WHAT YOU WILL DO:
Copy exactly the lines of the data below, beginning with the line with "У центрі Житомира" and ending with the line with "建筑面积约138㎡4房2厅2". Pictures are to be omitted.

RECORD EXTRACTS:
- - -

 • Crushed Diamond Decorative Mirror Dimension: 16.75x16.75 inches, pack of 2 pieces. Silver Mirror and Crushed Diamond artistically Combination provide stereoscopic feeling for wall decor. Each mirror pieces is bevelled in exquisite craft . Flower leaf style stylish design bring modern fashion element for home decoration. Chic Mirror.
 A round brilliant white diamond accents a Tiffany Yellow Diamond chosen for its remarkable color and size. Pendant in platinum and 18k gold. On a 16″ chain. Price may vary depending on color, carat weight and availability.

- - -

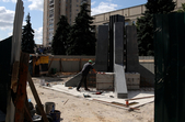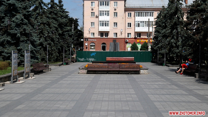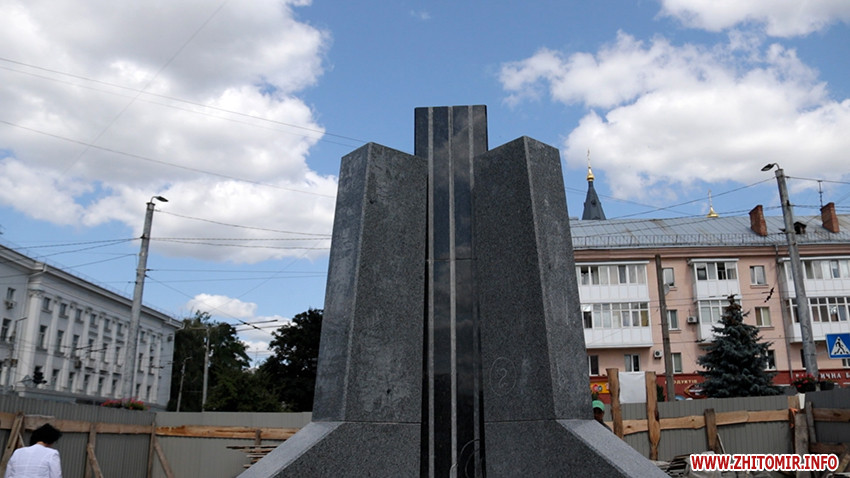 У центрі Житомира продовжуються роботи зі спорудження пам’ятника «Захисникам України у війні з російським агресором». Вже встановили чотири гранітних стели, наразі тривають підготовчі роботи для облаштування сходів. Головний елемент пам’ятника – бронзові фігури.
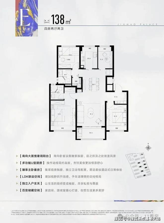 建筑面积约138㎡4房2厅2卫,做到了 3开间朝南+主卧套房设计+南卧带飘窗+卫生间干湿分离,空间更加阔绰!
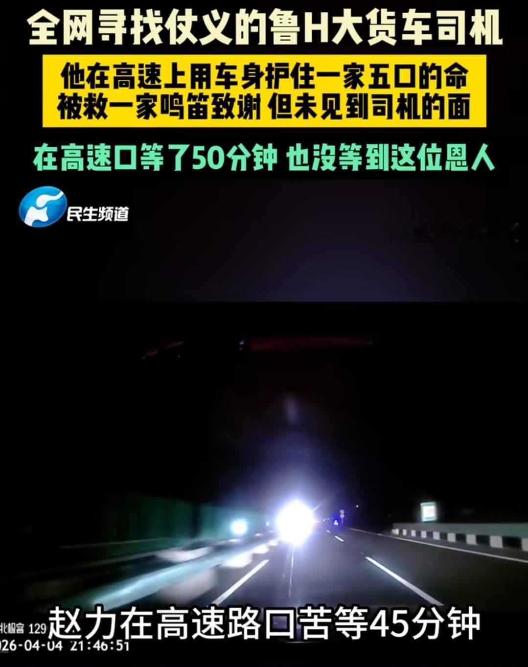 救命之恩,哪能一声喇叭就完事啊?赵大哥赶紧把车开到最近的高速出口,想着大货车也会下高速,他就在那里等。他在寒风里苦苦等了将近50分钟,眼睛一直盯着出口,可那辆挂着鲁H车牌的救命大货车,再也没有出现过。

- - -

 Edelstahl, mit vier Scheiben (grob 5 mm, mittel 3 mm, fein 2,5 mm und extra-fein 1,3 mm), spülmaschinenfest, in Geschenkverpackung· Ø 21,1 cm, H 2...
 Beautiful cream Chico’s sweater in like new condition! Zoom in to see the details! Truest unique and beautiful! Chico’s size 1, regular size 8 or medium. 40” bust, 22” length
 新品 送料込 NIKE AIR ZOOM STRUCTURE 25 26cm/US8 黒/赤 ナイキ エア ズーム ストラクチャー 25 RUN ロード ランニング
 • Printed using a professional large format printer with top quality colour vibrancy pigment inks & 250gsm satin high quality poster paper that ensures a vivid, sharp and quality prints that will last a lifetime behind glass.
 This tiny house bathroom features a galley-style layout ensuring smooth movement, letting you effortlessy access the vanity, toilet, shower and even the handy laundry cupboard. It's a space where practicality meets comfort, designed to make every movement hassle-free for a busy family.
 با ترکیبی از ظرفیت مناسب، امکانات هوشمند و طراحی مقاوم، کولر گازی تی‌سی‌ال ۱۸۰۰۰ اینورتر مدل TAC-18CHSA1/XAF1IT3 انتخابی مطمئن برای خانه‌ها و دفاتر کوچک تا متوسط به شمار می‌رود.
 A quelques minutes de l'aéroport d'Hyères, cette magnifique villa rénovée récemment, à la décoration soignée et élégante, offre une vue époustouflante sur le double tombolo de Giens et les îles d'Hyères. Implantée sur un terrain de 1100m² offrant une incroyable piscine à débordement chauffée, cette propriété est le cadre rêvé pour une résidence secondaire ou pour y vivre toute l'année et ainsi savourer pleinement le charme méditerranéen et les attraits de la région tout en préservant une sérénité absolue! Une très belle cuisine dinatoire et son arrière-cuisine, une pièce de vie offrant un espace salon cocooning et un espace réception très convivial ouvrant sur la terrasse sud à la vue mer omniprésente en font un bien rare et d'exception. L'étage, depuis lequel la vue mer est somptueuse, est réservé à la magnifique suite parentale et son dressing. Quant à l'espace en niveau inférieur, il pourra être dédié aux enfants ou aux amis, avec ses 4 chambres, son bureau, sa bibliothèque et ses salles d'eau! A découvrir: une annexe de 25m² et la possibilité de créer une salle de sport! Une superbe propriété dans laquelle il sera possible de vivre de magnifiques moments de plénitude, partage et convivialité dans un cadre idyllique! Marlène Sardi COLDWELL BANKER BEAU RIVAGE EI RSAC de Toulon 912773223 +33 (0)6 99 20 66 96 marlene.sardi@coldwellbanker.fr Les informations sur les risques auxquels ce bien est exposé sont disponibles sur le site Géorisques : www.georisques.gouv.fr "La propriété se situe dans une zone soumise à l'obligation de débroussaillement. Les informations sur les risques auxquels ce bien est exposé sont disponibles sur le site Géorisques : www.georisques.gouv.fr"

- - -

WRITTEN RESPONSE:
 У центрі Житомира продовжуються роботи зі спорудження пам’ятника «Захисникам України у війні з російським агресором». Вже встановили чотири гранітних стели, наразі тривають підготовчі роботи для облаштування сходів. Головний елемент пам’ятника – бронзові фігури.
 建筑面积约138㎡4房2厅2卫,做到了 3开间朝南+主卧套房设计+南卧带飘窗+卫生间干湿分离,空间更加阔绰!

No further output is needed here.